Engineer and system integration coordinator Roy Fraley led integration efforts to tie Kestrel into ESIF, mainly focusing on power and cooling infrastructure with a lesser focus on network integration.
“I worked with ESIF operations and David Sickinger on piping," Fraley said. "ESIF operations ran with the design and construction of the hydronic lines or cooling loops.” He highlighted the concerted efforts of many NREL staff, including “Trevor Dziedzic, [who] was instrumental in hydronics, cooling, and plumbing and piping design. Steve Mager got power work completed. Glenn Powell, Tyson Frank, and Jon Veenstra were all very helpful with whatever we needed. Rob Russell led site operations, and chief engineer Mike Feller coordinated the system fill to make sure we did not trip any alarms.
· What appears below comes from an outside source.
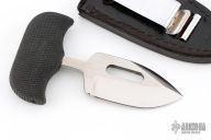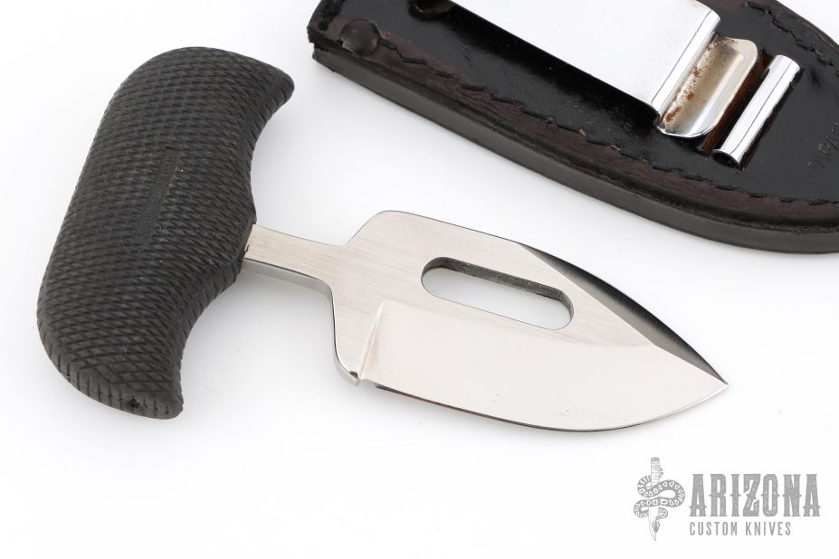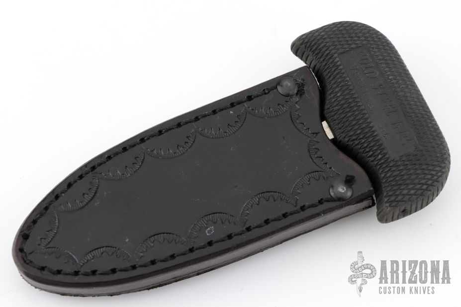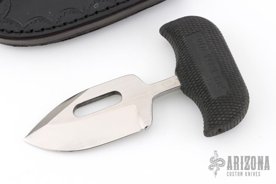 This "Urban Skinner" Push Dagger by Cold Steel has a satin finished spear point blade with a sharpened top edge, hidden tang, .185" blade stock, 1.296" depth. Handle is non-slip polymer. Has a couple very light scratches, otherwise excellent condition. Comes with black leather sheath with clip.

Then, there’s Encore Electric and a team of electricians, Braconier providing piping and cooling capacity, Ben Krech providing safety training to HPE folks, and Janet Quinn who was instrumental in staging the five trucks so they were not in the way of operations.”
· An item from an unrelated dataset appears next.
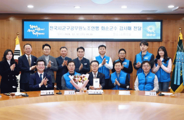 구복규 화순군수는 “이번 감사패는 화순군 공직자 모두의 노력과 협력에 대한 감사”라며, “앞으로도 노사 화합을 통해 공무원들이 자부심을 갖고 일할 수 있는 환경을 조성해 군민을 위한 행정서비스의 질을 더욱 높여 가겠다.”고 말했다.

Computational science researcher Tim Kaiser was one of several people who helped evaluate vendor submissions and developed benchmarks. Kaiser recognized the project and lab management efforts of Kris Munch, the laboratory program manager for advanced computing, and Jennifer Southerland, a computational science project manager, along with “Kinshuk Panda, who organized efforts for working with users. Clara Larson did a lot with benchmarking.”
You Break It, Then You Build It
“One of my jobs was to try to break the preproduction hardware that we were given," Kaiser continued. "The goal is to find issues and get them fixed before Kestrel comes online.”
They practiced setup to make sure the real thing went smoothly.
“We talked through how all the equipment would be laid out on the trucks, who was responsible for what, who played offense and defense, so to speak," Andersen said. "That had to be set up concurrently with Eagle—you need Eagle because people have to do research still while we get Kestrel up and running."
Now that the CPUs are in place and everything is connected, the team is reverifying benchmarks and introducing failures into the system to make sure the system works as intended. They are making sure the system does what is needed and that the power and cooling requirements are met. The build continues through this summer, including software testing, incorporating new equipment to power the system, and preparation for the imminent arrival of the graphics processing units (GPUs).
The Best Is Yet to Come
GPU nodes are key features of the new system.
“Roughly half of [Kestrel’s] capability will come from GPU nodes,” Andersen said. “Machine learning, deep learning, and artificial intelligence (AI) take advantage of those nodes. DOE invested a great deal in the exascale projects, which have software simulation models that are coming online that are GPU capable, so there’s a new capability. GPUs allow researchers to offload math-intensive components of an algorithm to the GPUs and sometimes get 20 times better performance.”
The GPUs are supposed to arrive in late August, when snow is unlikely to be in the forecast—but it is Colorado.
“Everyone's highly focused on the effort and doing a great job,” Andersen said. “There’s an amazing support cast and great leadership, and that has made this a successful endeavor.”